Wilder Gown - Summer Dress
Updated: Feb 7
I'd seen this pattern a lot on social media and it kept catching my eye. Admittedly, it isn't the usual type of dress style I go for, but equally, it doesn't pay to always play it safe and stick with what you know. My other hesitation was in the fabric choice. I think it is pretty clear by now that I am rather in love with African wax print fabrics - for their fantastic array of patterns and colours and quality of material. They are particularly suited to hotter weather as 100% cotton. However, it is quite a crisp cotton and I was worried the dress would not drape as well as sewing it in their recommended fabrics. That said, when I saw this print, I felt it would work with this pattern and so I decided it was worth the gamble.
I was able to download the pattern in PDF format. You simply print onto A4 and join the pages up as instructed. I've got most of my patterns this way, and whilst it's a bit of a chore to cut and stick, I like the fact that I can download all the sizes and re-print if necessary. This was my first pattern from the Friday Pattern Co. but I was extremely happy with the ease of printing and the instructions that came with the dress - very clear and simple to follow. If you are a beginner, then I can't see you having a problem with making this dress. The pattern is versatile - you can play with proportions, make it short/long sleeved, make just a top, so good value for money and different fabrics would offer you very different looks.

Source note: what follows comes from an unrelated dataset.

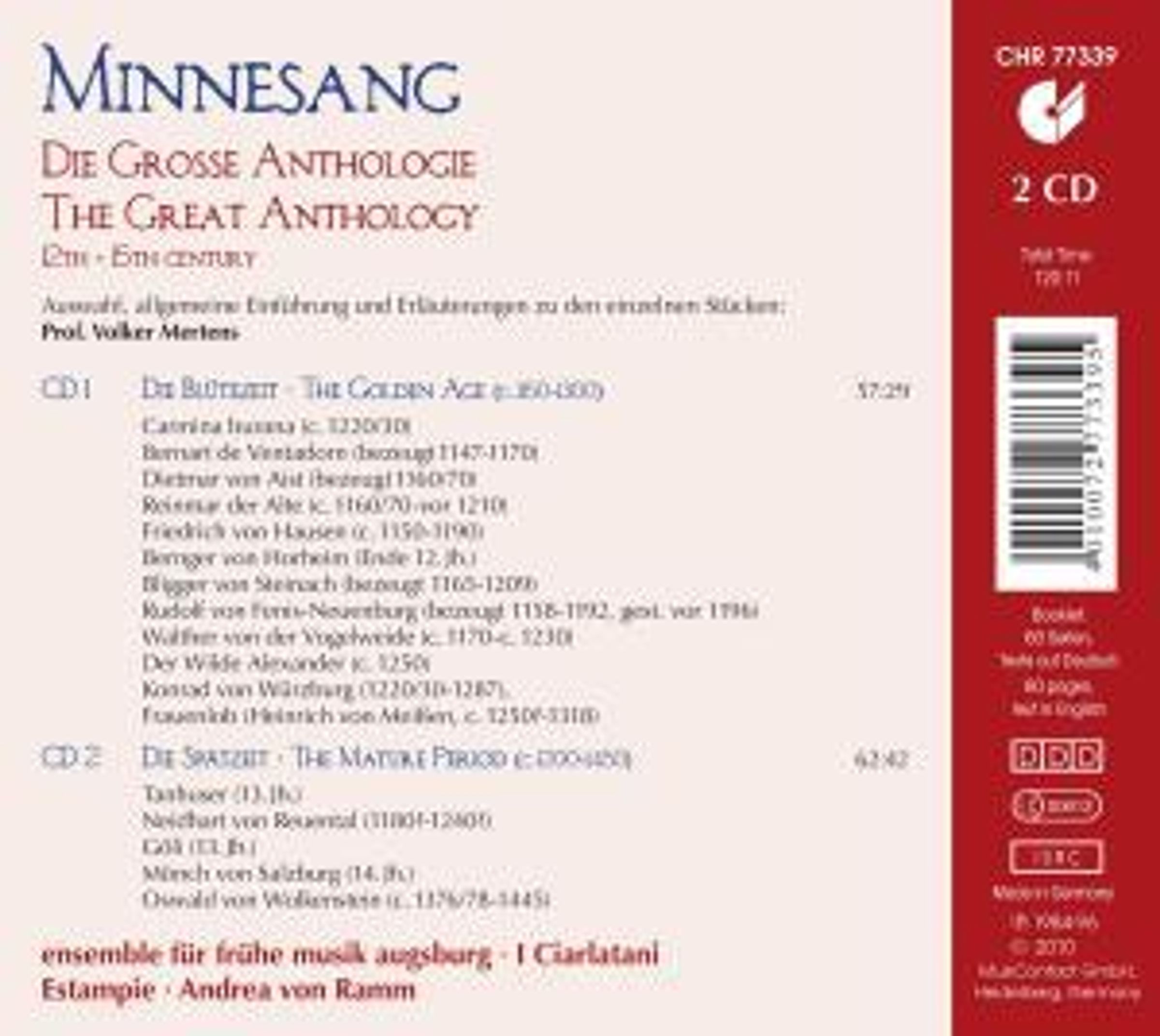 Die frühesten handschriftlichen Zeugnisse des deutschen Minnesangs stammen vom Ende des 12. Jahrhunderts. Ausgangs des 13. Jahrhunderts wird der Versuch zu großen „musealen“ Lyriksammlungen in Liederhandschriften erkennbar, die sich auf nicht erhaltene Handschriften stützten. Sammler waren in der Regel Privatleute mit literarischen Interessen. Gipfelpunkt der Aufzeichnungen ist die reine Textsammlung des sogenannten Codex Manesse. Aus diesem Grund haben nicht alle uns erhaltenen Quellen auch die Melodie aufgezeichnet. Die vorliegende Anthologie bietet einen repräsentativen und darüber hinaus preiswerten Überblick des deutschen Minnesangs vom 12. bis zum frühen 15. Jahrhundert, der durch eine informative Einführung des Mittelalter-Experten Volker Mertens ergänzt wird. Die Aufnahmen stammen allesamt aus dem umfangreichen Katalog von CHRISTOPHORUS.

I deliberated on sizing for a while and as this was quite a roomy dress I erred on the smaller size, XS/S mix. However, in hindsight, I do wish I'd done a FBA (full bust adjustment), as this is an empire line, I think having a little more room in that area would have made the top section sit a bit better. Alternatively, perhaps just an inch more in the bodice could have achieved the same thing. If I'd bought this dress 'of the peg' in a shop, I probably wouldn't have given this much thought, but the beauty of making things yourself is you do have the ability to fit things to you - so lesson learned. One addition I did make was to add pockets. The pattern didn't have them, but I do like a pocket, so I just added some side seam pockets on the first tier of the dress (using a pocket pattern from a previous make).

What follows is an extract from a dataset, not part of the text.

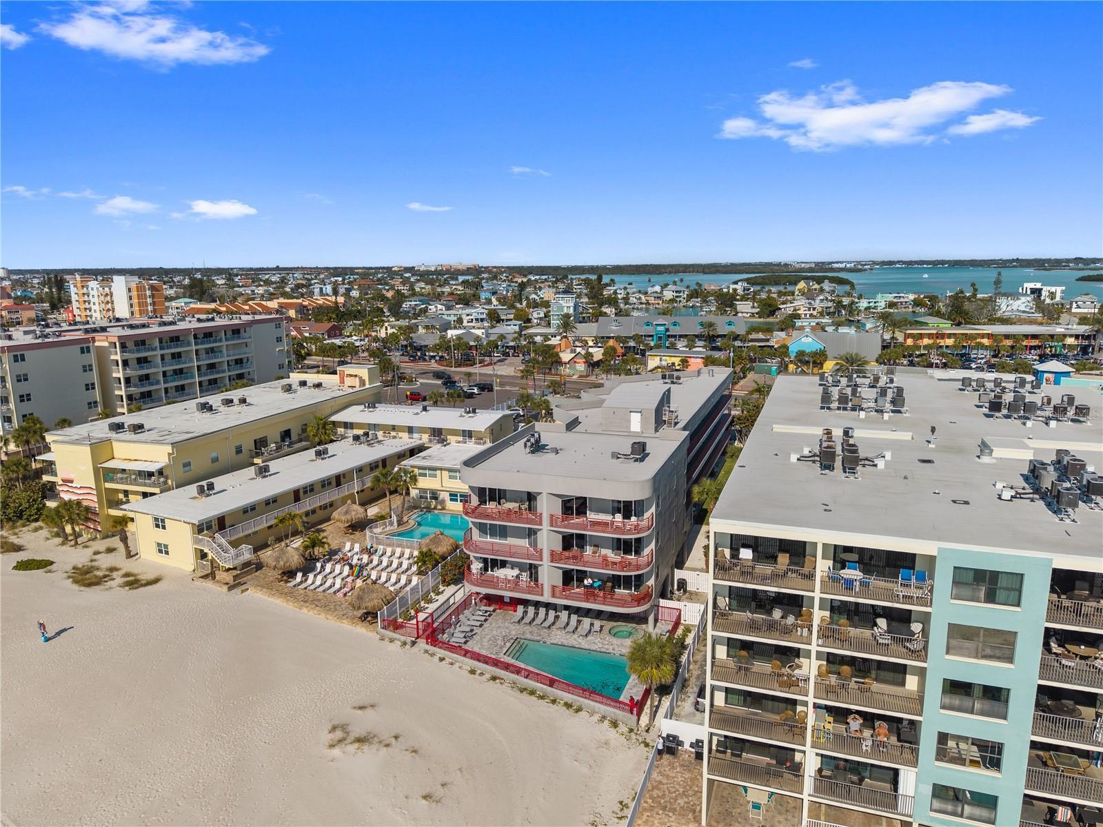Ocean Front, Penthouse, 1 week min rental, 2bed 2bath turn-key beach condo with high income potential directly across the street from the FAMOUS John's Pass Village of Madeira Beach, in the youngest condo complex in John's Pass, Crimson on the Gulf, a first class 15 unit boutique complex with direct gulf views offering nightly sunsets, a heated pool and hot tub, in a tastefully designed elevated building. From your bed, wake up to gorgeous views of the Gulf and step out to the huge balcony to take in the breathtaking scenery as far as the eye can see. 1031 Exchange Buyers take note; here is what you have been looking for! This is the most desirable location for snow birders and vacationers, so the demand is huge for these rental units. Enjoy years of memories with your family and friends, then rent it out when you are not there to generate excellent income all year! Updated with porcelain flooring throughout, new HVAC in 2024, Hot water heater 2019, updated open kitchen design, updated bathrooms, huge walk-in closet in the primary bedroom and lots of closet space throughout, including "owner's closets". Directly across the street in John's Pass Village, there are over 100 shops, eateries, pubs, kid friendly attractions, deep sea fishing boats, dolphin watching, jet skiing and the list goes on!! This is a primo location, to say the least, and this is the first condo to be listed for sale at 'The Crimson' in over 5 years, so this one won't last long. You have private access to the beach or just sit on your balcony and enjoy the birds-eye view.....this is the paradise you have been looking for! Close to airports, malls, shopping, restaurants and pubs, fishing, boating, hospitals and clinics, sports venues and the other dozen beach towns up and down Gulf Blvd. There is a private, secured lobby entrance, BBQ grills, shaded parking under the building, picnic tables and SUNSETS! Come take a look before this one gets sold!

Which leads me to the tiers. There is a lot of gathering to be done! It's not rocket science, but if you've not done it before then here are a few tips:
- Use a different thread colour in your bobbin thread - this helps you to know what threads to pull when you gather up the fabric. You won't see them at the end as they are within the seam allowance.
- Use a good quality thread (I use Gutermann), the last thing you want is your thread to break as you gather - you need one continuous thread, so use a strong one.
- Pin often so that your gathers are nice and even, use your pin tip to separate them and get them looking consistent.
- Bring patience! Take your time, to get a nice even ruffle and ensure the tiers sit well.